Philadelphia is a city in and the county seat of Neshoba County, Mississippi, United States. The population was 7,118 at the 2020 census.

History 

Philadelphia is incorporated as a municipality; it was given its current name, after Philadelphia, Pennsylvania, in 1903, two years before the railroad brought new opportunities and prosperity to the town. The history of the town and its influences- social, political and economic- can be seen in the many points of interest within and beyond the city limits.  These range from the large ceremonial Indian mound and cave at Nanih Waiya, built approximately 1700 years ago and sacred to the Choctaw; to the still thriving Williams Brothers Store, a true old-fashioned general store founded in 1907 and featured in National Geographic in 1937 as a source of anything from "horse collars to straw hats."
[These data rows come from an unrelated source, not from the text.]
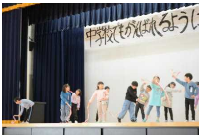
1年生 リボンを使ったダンス 歌「またあえる日まで」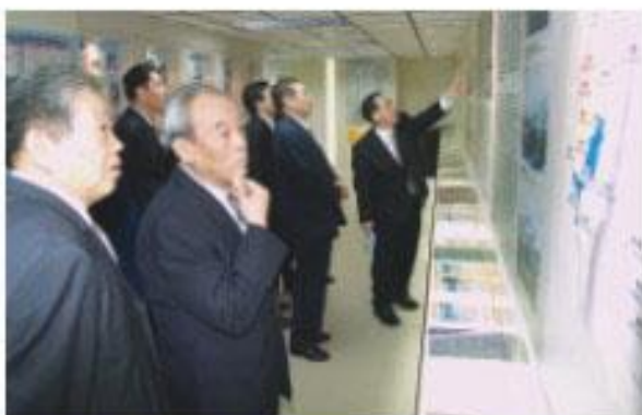
大陸宋慶齡基金會訪問團拜訪本會參觀會史館

梁余泉也盛情邀請許議長出訪位於北京的宋慶齡基金會及其故居等，參觀當地著名的歷史文物。該團於11月16日到達台灣，參訪台北、台中、彰化、嘉義、台南、高雄等地，預於25日返回北京。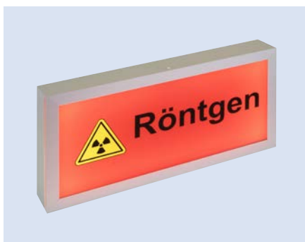
Aufputzgehäuse aus Aluminium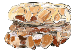
Pennsylvania / 13.90 €

smoked BBQ Turkey Eisbergsalat • Granny Smith Apfel • gegrillte Zwiebeln Röstzwiebeln • BBQ Sauce • Bratapfelketchup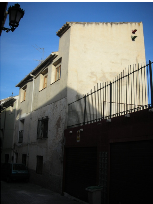
CALLE DOMINGO MORENO Nº 7

INTERES: NULO GRADO DE PROTECCION: NINGUNO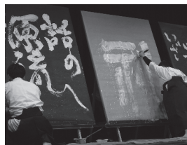
“こころ”のふれあうフェスタ2020 8.7(土) メディキット県民文化センター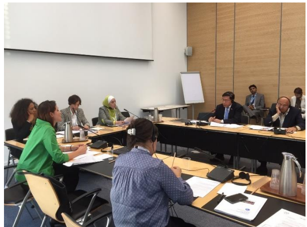
บรรยากาศการประชุมกรรมการในคณะกรรมการ สามัญสหภาพรัฐสภาว่าด้วยการพัฒนาที่ยั่งยืน การค้าและการค้า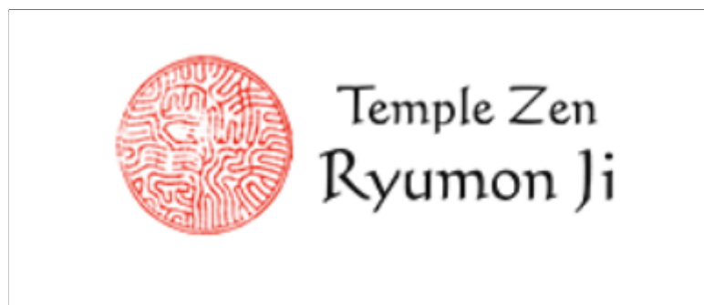
Le logo du Temple Zen Ryumon Ji

Le Temple Zen Ryumon Ji est un monastère qui a été fondé en 1999 par le maître Reigen Wang-Genh grâce aux pratiquants d'Alsace et d'Allemagne du sud qui ont apporté leur aide et fait des dons pour la création de ce site. Le nom de ce temple signifie « temple de la Porte du Dragon de la vieille montagne » car il se trouve à proximité d'une colline, appelée « vieille montagne » en alsacien, et à proximité d'une forêt à 50 km au nord de Strasbourg. Ce monastère accueille des moines, des nonnes et des laïcs qui se « sont installés pour vivre une vie monastique selon les règles de l'école Zen sôtô » (Temple Zen Ryumon Ji, s.d.).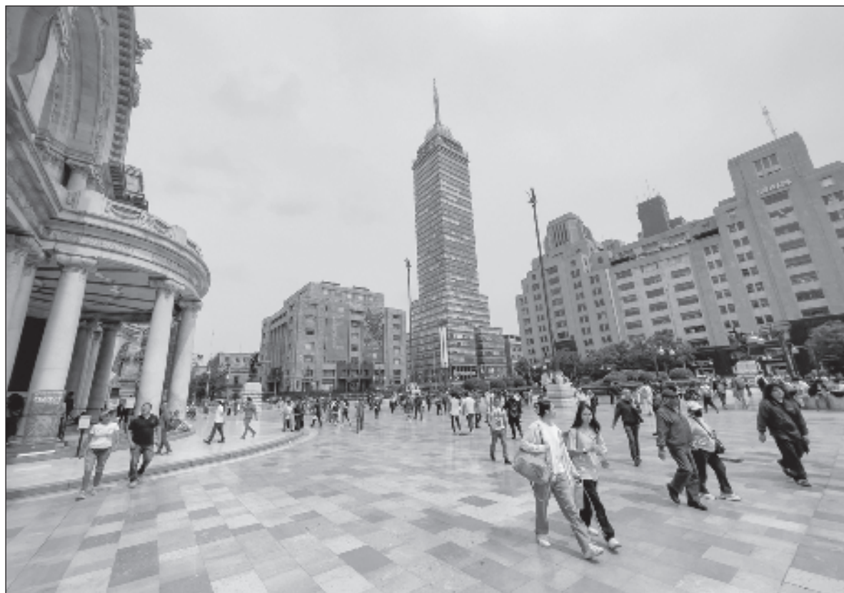
▲ La canción "nos pone a caminar por las calles de 5 de mayo, por Reforma, por la avenida Juárez; por Coyoacán, por La Merced, por Niño Perdido, por Tepito y La Lagunilla. El rehilete gira y nos muestra todos los colores y olores de México: los colores brillantes y los turbios, los aromas y los tufos, las formas diversas de ganarse la vida".

Mi ciudad , fruto magno de ese diálogo emprendido por Trigo, es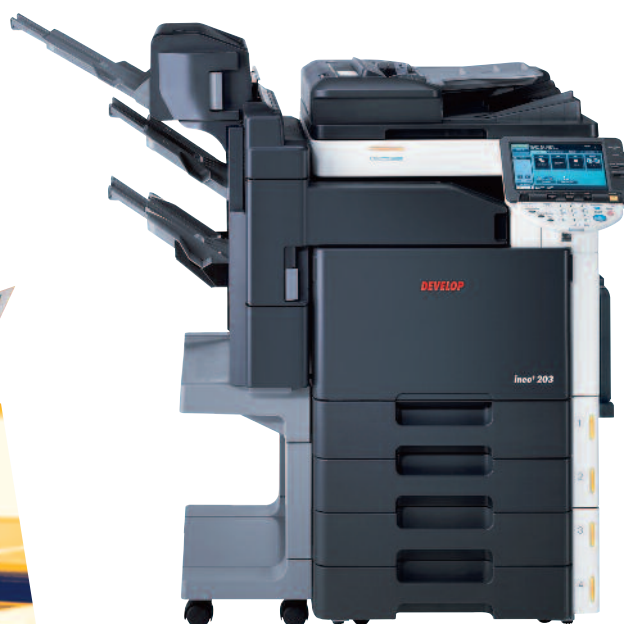
ineo+ 203 avec chargeur automatique de documents (DF-611), module de finition embarqué (FS-519), kit brochure (SD-505) et deux magasins papier (PC-204)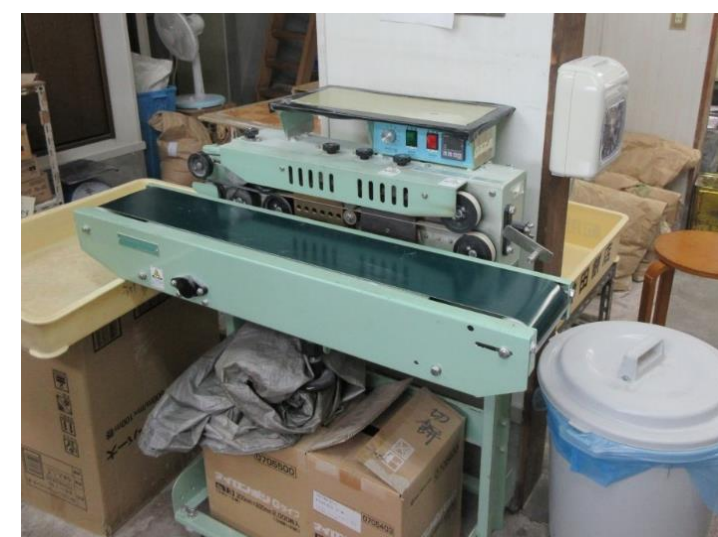
成形した餅を袋にいれ封を閉める機械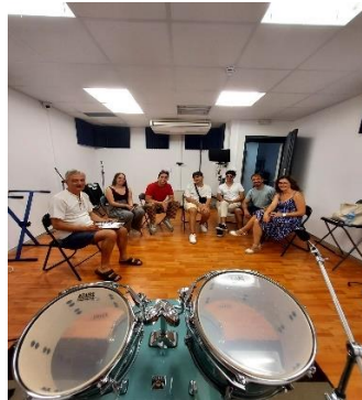
Músics dels Bucs

Murders of Chaney, Goodman, and Schwerner

In the mid-20th century, Mississippi was a battleground of the civil rights movement as, like other states of the South, it had long disfranchised blacks and subjected them to racial segregation and Jim Crow laws. Philadelphia in June 1964 was the scene of the murders of civil rights workers James Chaney, a 21-year-old black man from Meridian, Mississippi; Andrew Goodman, a 20-year-old Jewish anthropology student from New York City; and Michael Schwerner, a 24-year-old Jewish CORE organizer and former social worker, also from New York. Their deaths demonstrated the risks that civil rights workers took to secure the constitutional rights of African Americans.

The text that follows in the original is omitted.